Compiling libxml2 from source with the Intel compiler is the next thing that we have tried. Using the flags that work on JURECA in Jülich and Marconi A2 in Bologna, we get this error message:

ld: attempted static link of dynamic object `./.libs/libxml2.so'

How can we proceed to get libxml2 working?

Perhaps I can figure out how to manually compile libxml2. But if I use the system-wide GCC for that, we likely have the same problem as with the CentOS package version. Perhaps I can figure something out.

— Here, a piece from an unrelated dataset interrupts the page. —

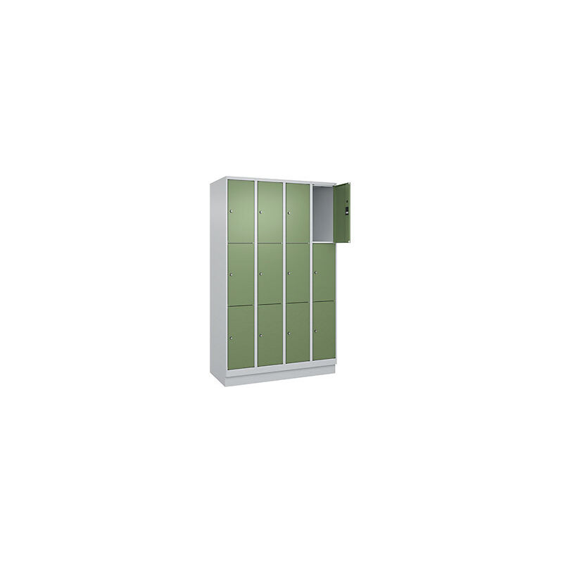Armadio a scomparti Classic PLUS, 4 scomparti, grigio chiaro / verde reseda, largh. 1200 mm, 12 scomparti, con zoccolino. Fornitura = montato. Altezza = 1950 mm. Profondità = 500 mm. Larghezza = 1200 mm. Colore corpo = grigio chiaro RAL 7035. Colore porta = verde reseda RAL 6011. Serratura = serratura a cilindro. Numero scomparti in larghezza = 4 pz. Numero scomparti = 12 pz. Larghezza scomparti = 300 mm. Materiale = acciaio. Profondità interna = 477 mm. Tipo di porta = anta a battente. Numero chiavi = 2 pz. Altezza zoccolo = 100 mm. Superficie = verniciatura. Profili laterali delle ante chiusi per un'elevata resistenza alla torsione. Pratici armadi a scomparti per riporre oggetti personali, per maggiore ordine e sicurezza. Personalizzabili con piedini, zoccolino e piedini a pavimento. Ideali per magazzini, officine, società sportive, strutture pubbliche ecc. L'armadio a scomparti Classic PLUS convince per la sua struttura robusta e le sue versatili opzioni di allestimento. L'armadio

kostrzewa commented 6 years ago

Have they reacted in some way to your mail?

martin-ueding commented 6 years ago

They have answered another ticket that I wrote at the same time (about missing exit status from the module command). So I would conclude that they answered the simple question directly and their lack of response on this harder question means that they first need to investigate before writing a response.

It seems that we are stuck here. On Stack Overflow it has been suggested that the linkage failure is an indication that one should not use this library with compute code.

I just thought about this: We can just compile libxml2 with the host GCC and then use the Intel compiler for the remainder. Since the Intel compiler claims to be ABI compatible with the system GCC, this should work just fine, right?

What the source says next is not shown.